Task to carry out:
Each entry below should be output exactly, apart from its images.

****

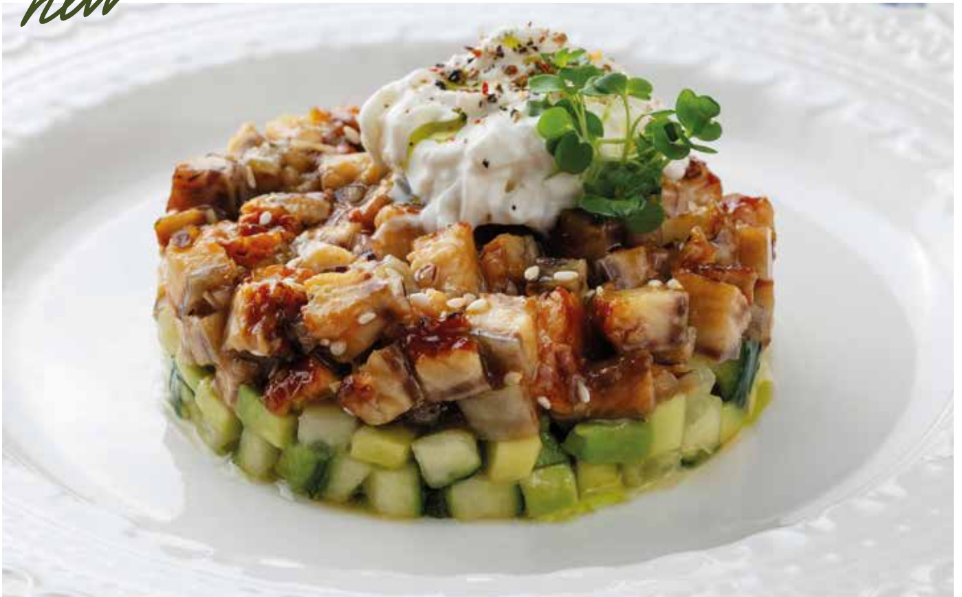
Тартар из угря с авокадо и страчателлой
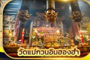
วัดแม่กวนอิมฮ่องฮ่า
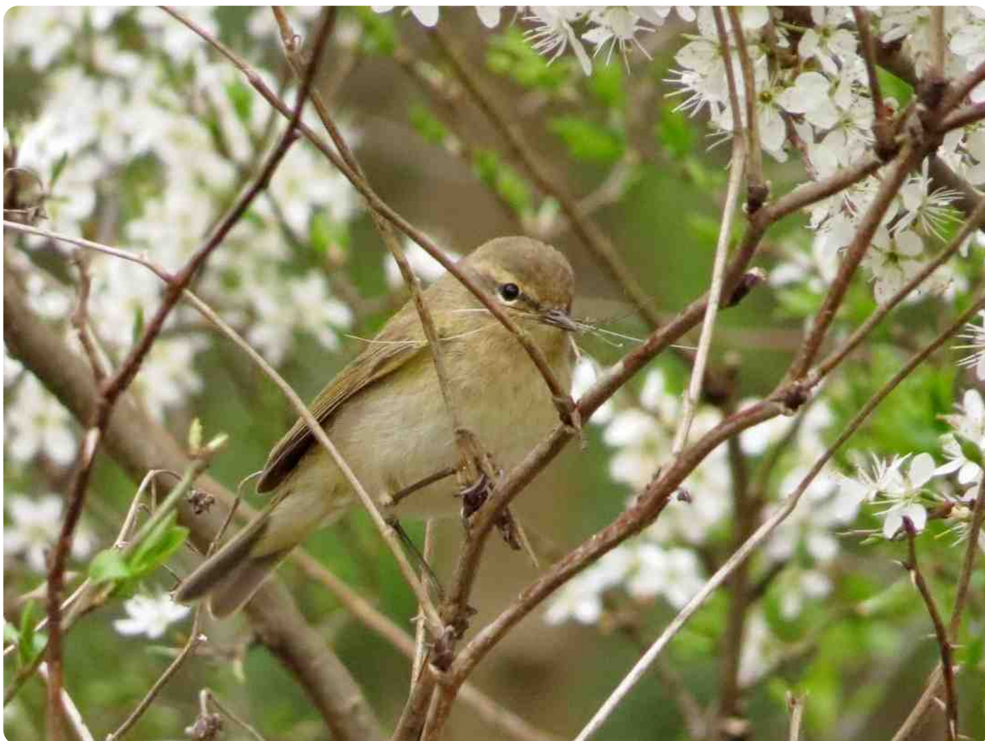
De tjiftjaf ( Phylloscopus collybita )

Bij het verschijnen van deze uitgave van Het Groene Blad is de lente al weer enige tijd ingetreden. Door het zachte weer begon het lentegevoel dit jaar al vroeg met de komst van de voorjaarsbodes onder de vogels de tjiftjaf (begin maart) en de fitis (half maart). Wellicht heeft u beide vogels inmiddels al vaak gehoord en gezien.
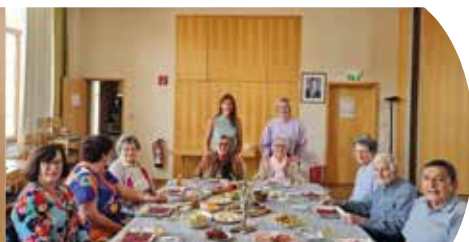
Rund um die Welt Frühstück
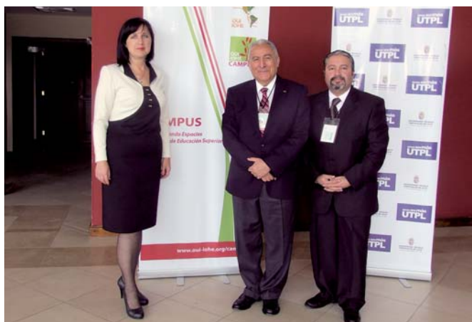
Encontro Internacional sobre pós-graduações e seu vínculo com a coletividade. Universidade Técnica Particular de Loja, maio 2012
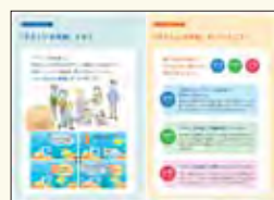
▲ガイドブックから一部抜粋

今後は、作成したガイドブックを活用し、自治会や企業に向けても出張研修を行い、周知を図ります。
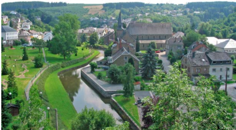
Une vue de Houffalize, petite ville ardennaise traversée par l'Ourthe.
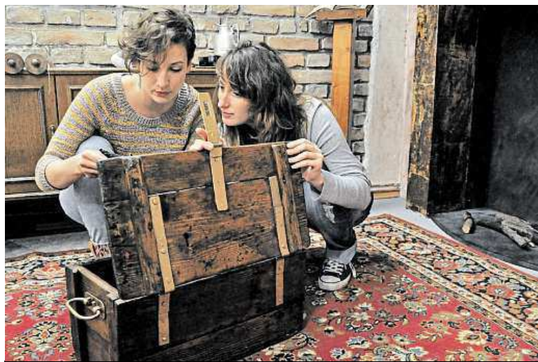
Vždy, když se vám povede něco otevřít, musíte přemýšlet, co dál.
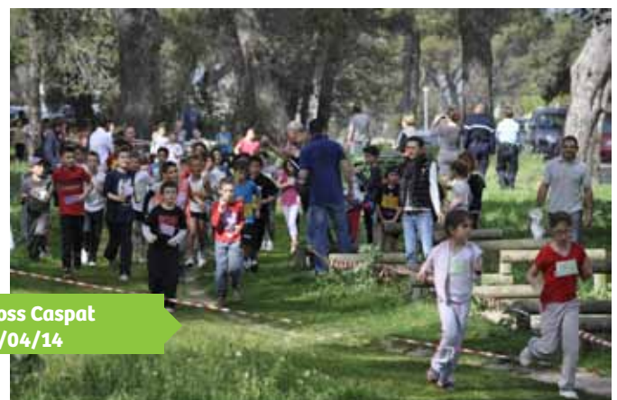
Cross Caspat 12/04/14
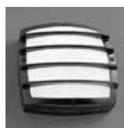
Griglia a 4 barre Nera
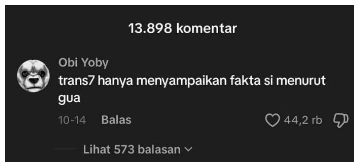
Gambar 2. Komentar netizen Obi Yoby pada video akun TikTok Duniadian Kebudayaan (diakses 10 Desember 2025).

Muncul pandangan yang menempatkan media sebagai penyampai realitas yang objektif. Tidak seluruh audiens memandang tayangan tersebut sebagai suatu penyimpangan, tetapi sebagai gambaran fakta yang sesungguhnya. Perbedaan dalam pandangan ini mengindikasikan bahwa media memiliki peranan penting sebagai sumber kebenaran bagi sebagian masyarakat. Keyakinan ini sekaligus menunjukkan bahwa media tidak hanya menyampaikan informasi, tetapi juga berkontribusi dalam membentuk perspektif masyarakat terhadap suatu peristiwa.
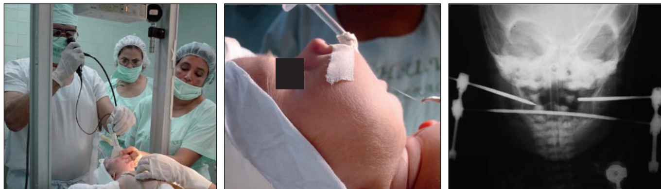
Fig. 2. Intubación con fibroscopio y radiografía de control postoperatorio inmediato.

La intervención quirúrgica se llevó a cabo en los 3
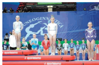
La premiazione delle Allieve 4.
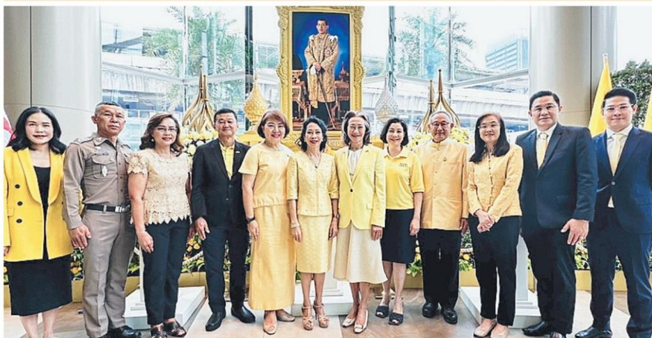
คณะผู้บริหาร กลุ่มสยามทิวรรจน์ และผู้บริหารสยามพารากอน พร้อมด้วยพันธมิตร ร้านค้าผู้เช่า ร่วมทำบุญถวายเป็นพระราชกุศล และถวายพระพร พระบาทสมเด็จพระเจ้าอยู่หัว ที่สยามพารากอน.
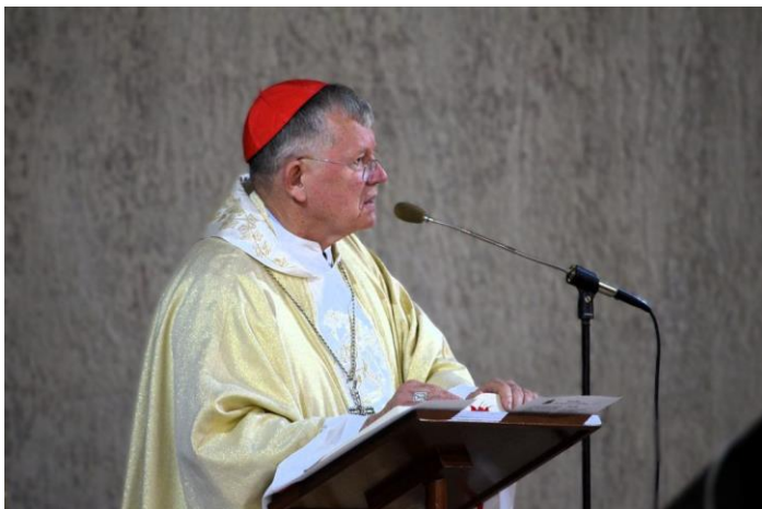
Cardeal Jaime Spengler, presidente da CNBB

Dom Jaime destacou, de modo particular, que a presença dos sacerdotes em Roma não se deve a um projeto pessoal, mas ao envio de um presbitério e de uma Igreja local, que confiam a cada um a missão de aprofundar a formação acadêmica e espiritual em vista do serviço ao Povo de Deus. Trata-se, portanto, de um chamado que requer fidelidade, simplicidade e plena consciência de que toda vocação nasce e amadurece na comunhão eclesial.
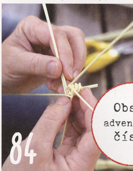
ROZHOVOR O PLETENÍ ZE SLÁMY
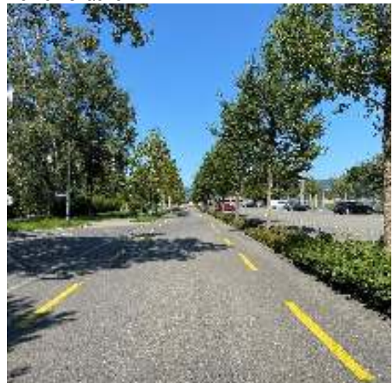
Kernfahrbahn an der Allmendstrasse
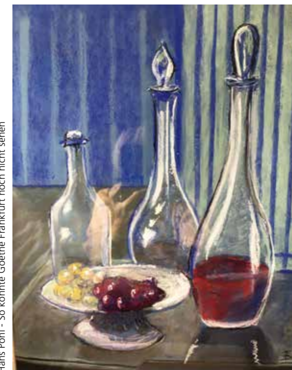
Francette Franck - Stilleben mit Karaffen
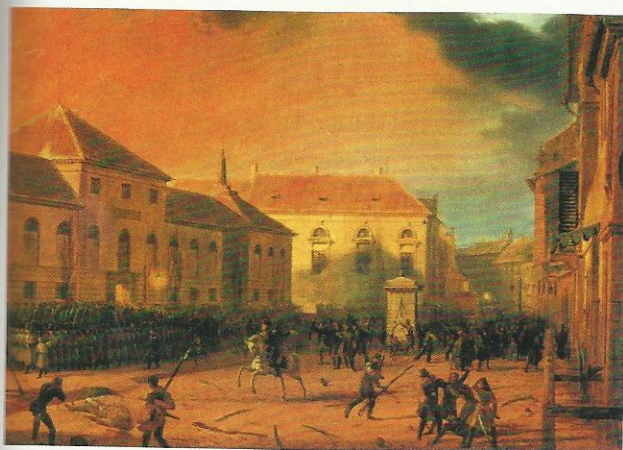
Zdobycie Arsenалу należało do przełomowych momentów nocy listopadowej. Powstańcy zdobyli kilkadziesiąt tysięcy karabinów, którymi posłużyli się, aby wyprzeć Rosjan ze stolicy. Scena przedstawiona została na obrazie Marcina Zaleskiego.

Łamanie konstytucji przez cara oraz walka z patriotycznymi organizacjami wywołały wśród Polaków wzrost nastrojów antyrosyjskich. Latem 1830 r. do Warszawy dotarła wiadomość o zwycięstwie rewolucji lipcowej w Paryżu. Wkrótce za pośrednictwem prasy zaczęto rozpowszechniać informacje o zamiarach wysłania przez cara armii Królestwa Polskiego do stłumienia powstania w Belgii. Spotkało się to z gwałtownym sprzeciwem żołnierzy i oficerów. Dopiero później okazało się, że plany cara nie były jeszcze przesądzone. W tym samym czasie pojawiła się także groźba wykrycia spisku przygotowywanego przez Piotra Wysockiego w Szkole Podchorążych Piechoty. Dlatego mimo zbliżającej się zimy spiskowcy podjęli decyzję o wybuchu powstania. Nie mieli oni dokładnego planu działania ani nie wyłonili przywódcy zrywu. Zgodnie z romantycznymi wyobrażeniami wierzyli, że gdy rozpoczną walkę, spontanicznie przyłączy się do nich całe społeczeństwo.
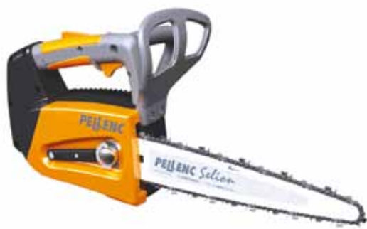
Pellenc Selion C20

Dolmar lijkt op dit moment zijn kaarten nog te verdelen over de verschillende energiebronnen. Accu als het kan, tweetakt als er power nodig is, maar op Galabau wordt ook een stevige versterking van het viertakt-gamma getoond. Tweetakt is de nieuwe PS-6100. Een motorzaag die krachtig genoeg zou zijn om grote bomen te rooien, maar ook licht genoeg om dezelfde boom daarna van zijn takken te ontdoen. Best of both worlds dus. Ook accutechnologie is belangrijk voor Dolmar, maar Dolmar blijft steken bij 36 V, waar de concurrenten vaak al tot 44 volt gaan. Wel biedt Dolmar slimme oplossingen met de comptabiliteit van accu's. De twee accu's van een 18 V Makita schroefmachine kunnen via een cassette een 36 V Dolmar heggenschaar of trimmer aandrijven.
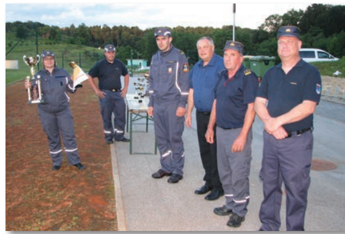
Pokal je prejela tudi desetarka članic PGD Sveta Ana. Na Sveti Ani pa bodo do prihodnjega (26.) gasilskega tekmovanja za Pokal Slovenskih goric hranili tudi dva prehodna pokala.
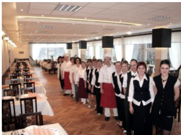
Jadalnia w sanatorium
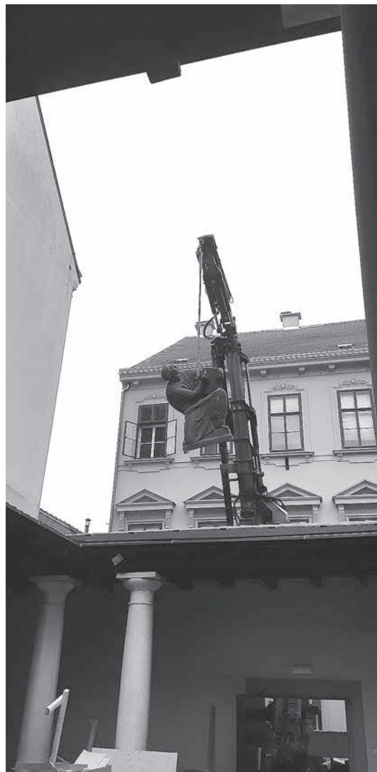
sl.7.b) Podizanje kranom brončane skulpture Miloš Obilić iz atrija Atelijera Meštrović
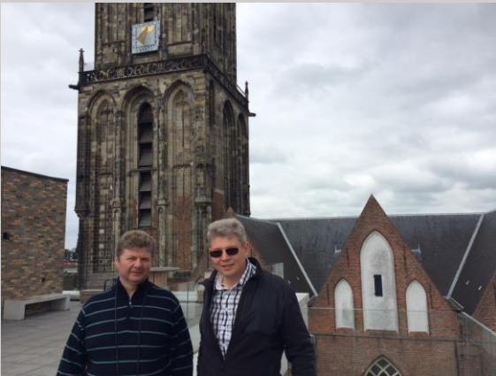
Groningen June 9th. in front of the Martini tower
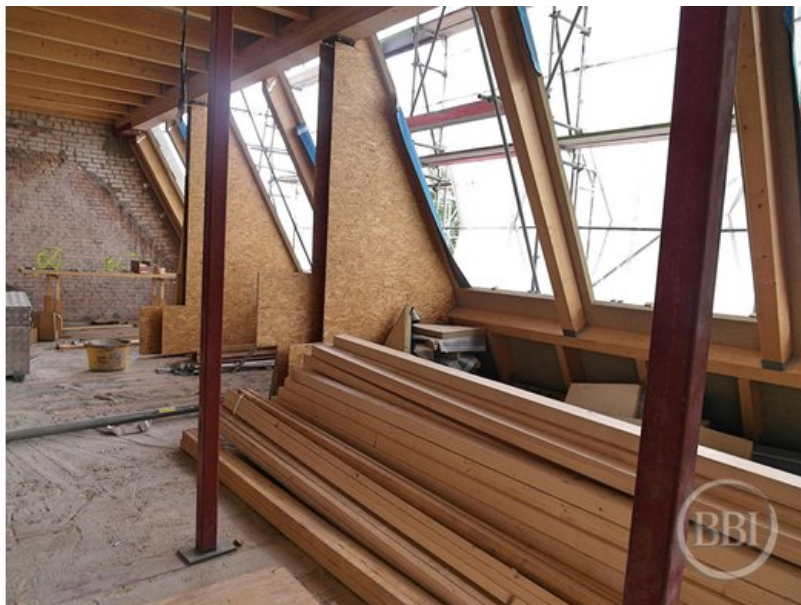
Bautenstand 12_7_2019 (27)

****

Exercise answer:
Тартар из угря с авокадо и страчателлой
วัดแม่กวนอิมฮ่องฮ่า
De tjiftjaf ( Phylloscopus collybita )

Bij het verschijnen van deze uitgave van Het Groene Blad is de lente al weer enige tijd ingetreden. Door het zachte weer begon het lentegevoel dit jaar al vroeg met de komst van de voorjaarsbodes onder de vogels de tjiftjaf (begin maart) en de fitis (half maart). Wellicht heeft u beide vogels inmiddels al vaak gehoord en gezien.
Rund um die Welt Frühstück
Encontro Internacional sobre pós-graduações e seu vínculo com a coletividade. Universidade Técnica Particular de Loja, maio 2012
▲ガイドブックから一部抜粋

今後は、作成したガイドブックを活用し、自治会や企業に向けても出張研修を行い、周知を図ります。
Une vue de Houffalize, petite ville ardennaise traversée par l'Ourthe.
Vždy, když se vám povede něco otevřít, musíte přemýšlet, co dál.
Cross Caspat 12/04/14
Griglia a 4 barre Nera
Gambar 2. Komentar netizen Obi Yoby pada video akun TikTok Duniadian Kebudayaan (diakses 10 Desember 2025).

Muncul pandangan yang menempatkan media sebagai penyampai realitas yang objektif. Tidak seluruh audiens memandang tayangan tersebut sebagai suatu penyimpangan, tetapi sebagai gambaran fakta yang sesungguhnya. Perbedaan dalam pandangan ini mengindikasikan bahwa media memiliki peranan penting sebagai sumber kebenaran bagi sebagian masyarakat. Keyakinan ini sekaligus menunjukkan bahwa media tidak hanya menyampaikan informasi, tetapi juga berkontribusi dalam membentuk perspektif masyarakat terhadap suatu peristiwa.
Fig. 2. Intubación con fibroscopio y radiografía de control postoperatorio inmediato.

La intervención quirúrgica se llevó a cabo en los 3
La premiazione delle Allieve 4.
คณะผู้บริหาร กลุ่มสยามทิวรรจน์ และผู้บริหารสยามพารากอน พร้อมด้วยพันธมิตร ร้านค้าผู้เช่า ร่วมทำบุญถวายเป็นพระราชกุศล และถวายพระพร พระบาทสมเด็จพระเจ้าอยู่หัว ที่สยามพารากอน.
Cardeal Jaime Spengler, presidente da CNBB

Dom Jaime destacou, de modo particular, que a presença dos sacerdotes em Roma não se deve a um projeto pessoal, mas ao envio de um presbitério e de uma Igreja local, que confiam a cada um a missão de aprofundar a formação acadêmica e espiritual em vista do serviço ao Povo de Deus. Trata-se, portanto, de um chamado que requer fidelidade, simplicidade e plena consciência de que toda vocação nasce e amadurece na comunhão eclesial.
ROZHOVOR O PLETENÍ ZE SLÁMY
Kernfahrbahn an der Allmendstrasse
Francette Franck - Stilleben mit Karaffen
Zdobycie Arsenалу należało do przełomowych momentów nocy listopadowej. Powstańcy zdobyli kilkadziesiąt tysięcy karabinów, którymi posłużyli się, aby wyprzeć Rosjan ze stolicy. Scena przedstawiona została na obrazie Marcina Zaleskiego.

Łamanie konstytucji przez cara oraz walka z patriotycznymi organizacjami wywołały wśród Polaków wzrost nastrojów antyrosyjskich. Latem 1830 r. do Warszawy dotarła wiadomość o zwycięstwie rewolucji lipcowej w Paryżu. Wkrótce za pośrednictwem prasy zaczęto rozpowszechniać informacje o zamiarach wysłania przez cara armii Królestwa Polskiego do stłumienia powstania w Belgii. Spotkało się to z gwałtownym sprzeciwem żołnierzy i oficerów. Dopiero później okazało się, że plany cara nie były jeszcze przesądzone. W tym samym czasie pojawiła się także groźba wykrycia spisku przygotowywanego przez Piotra Wysockiego w Szkole Podchorążych Piechoty. Dlatego mimo zbliżającej się zimy spiskowcy podjęli decyzję o wybuchu powstania. Nie mieli oni dokładnego planu działania ani nie wyłonili przywódcy zrywu. Zgodnie z romantycznymi wyobrażeniami wierzyli, że gdy rozpoczną walkę, spontanicznie przyłączy się do nich całe społeczeństwo.
Pellenc Selion C20

Dolmar lijkt op dit moment zijn kaarten nog te verdelen over de verschillende energiebronnen. Accu als het kan, tweetakt als er power nodig is, maar op Galabau wordt ook een stevige versterking van het viertakt-gamma getoond. Tweetakt is de nieuwe PS-6100. Een motorzaag die krachtig genoeg zou zijn om grote bomen te rooien, maar ook licht genoeg om dezelfde boom daarna van zijn takken te ontdoen. Best of both worlds dus. Ook accutechnologie is belangrijk voor Dolmar, maar Dolmar blijft steken bij 36 V, waar de concurrenten vaak al tot 44 volt gaan. Wel biedt Dolmar slimme oplossingen met de comptabiliteit van accu's. De twee accu's van een 18 V Makita schroefmachine kunnen via een cassette een 36 V Dolmar heggenschaar of trimmer aandrijven.
Pokal je prejela tudi desetarka članic PGD Sveta Ana. Na Sveti Ani pa bodo do prihodnjega (26.) gasilskega tekmovanja za Pokal Slovenskih goric hranili tudi dva prehodna pokala.
Jadalnia w sanatorium
sl.7.b) Podizanje kranom brončane skulpture Miloš Obilić iz atrija Atelijera Meštrović
Groningen June 9th. in front of the Martini tower
Bautenstand 12_7_2019 (27)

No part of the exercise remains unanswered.